This 90 Second Boxing Tip is about getting you set in the right way in terms of your boxing stance. If you don’t get the boxing stance right then you can forget about becoming even remotely capable of effective punching and movement. At the end of this article is a link to a more in-depth description of the boxing stance.
There are two types of boxing stance; orthodox and southpaw. An orthodox boxer is someone who is naturally right-handed and holds the left hand and left leg in front, closer to the opponent.

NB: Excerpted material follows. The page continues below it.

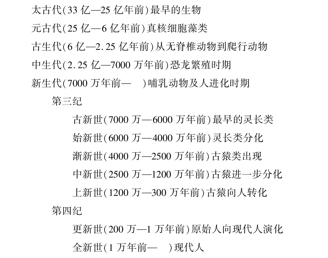 按生物分类学,整个生物界可分为:界、门、纲、目、科、属、种。人类作为智人种,归人属、人科、灵长目,而灵长目又归于哺乳纲、脊椎动物门、动物界。科学研究表明,地球存在的历史,如果从地壳的形成算起,至少在46亿年以上;而生物存在的历史,若从原核细胞菌类化石算起,只不过33亿年左右;至于人类存在的历史,只是最近1000万年左右的事情,在生物史中只占3‰左右。为了确定生物与地质变化的关系,地质学家提出了“纪”(period)的概念,把有生物化石发现的地质时期划分为四个纪:第一纪起始于5亿年前,称为鱼类时代;第二纪起始于2.25亿年前,称为爬行动物时代;第三纪起始于7000万年前,称为哺乳动物时代;第四纪起始于200万年前,这时才有人类化石的存在。在第一纪之前未发现生物化石,有人称之为“无生纪”,但无化石存在不等于不曾有过生命,因菌类生物难于以化石的形式存在,因此这一提法并不正确。所以,为了说明人类的起源及其在自然界中的地位,有必要引入两大系统性概念:一是地质年代判断法,二是生物分类学,以便最终确定人在生物谱系及自然界中的位置。于是,关于人类起源、生物进化与自然演变,就形成了这样一种关系,可列表如下: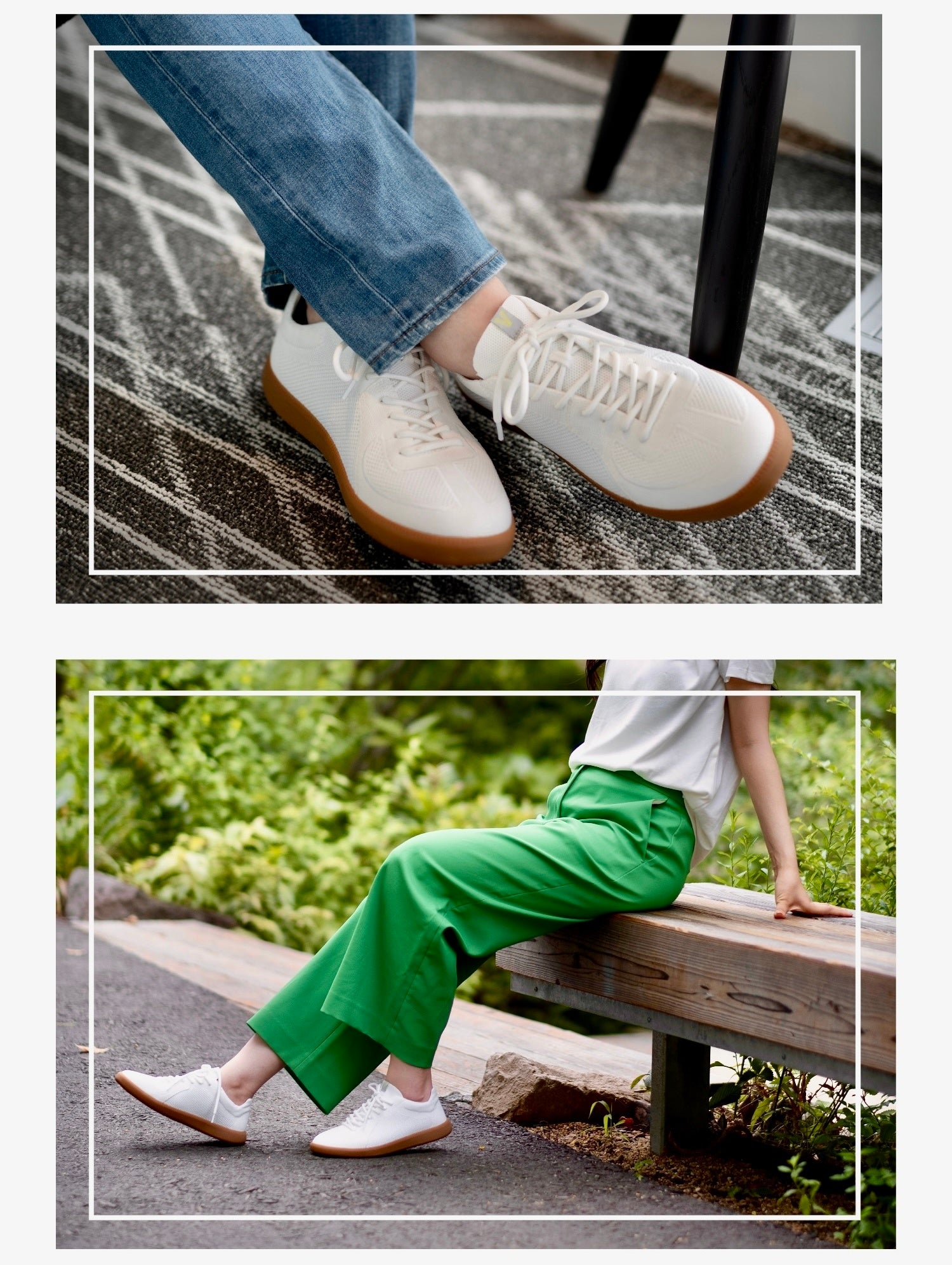 服装を選ばないシンプルなデザインと機能性は、メーカーのフラッグシップシューズであるレザースニーカーを踏襲しています。

Conversely, a southpaw boxer is someone who is naturally left-handed and leads with the right hand and right leg. If you are a beginner, don’t get caught up in the notion that it feels more comfortable as a right-hander using the southpaw boxing stance. As a rule of thumb, if you’re right-handed you are orthodox, if you’re left-handed you’re southpaw.
The 7 steps are explained in the video, here is an expansion on the faults that I regularly see in the gym:
- Turning the shoulders ‘square on’, thereby offering the opponent a much greater target to hit.
- Losing the imaginary line from the toe on the front foot to the heel on the back foot, thereby messing up your balance.
- Going flat-footed, thereby messing up your ability to be mobile.
- Allowing your chin to raise above the height of the raised hands, thereby increasing the chances of being smacked in the mouth.
- Allowing your body weight to transfer onto your front leg, thereby being “front-heavy” and vulnerable to attack.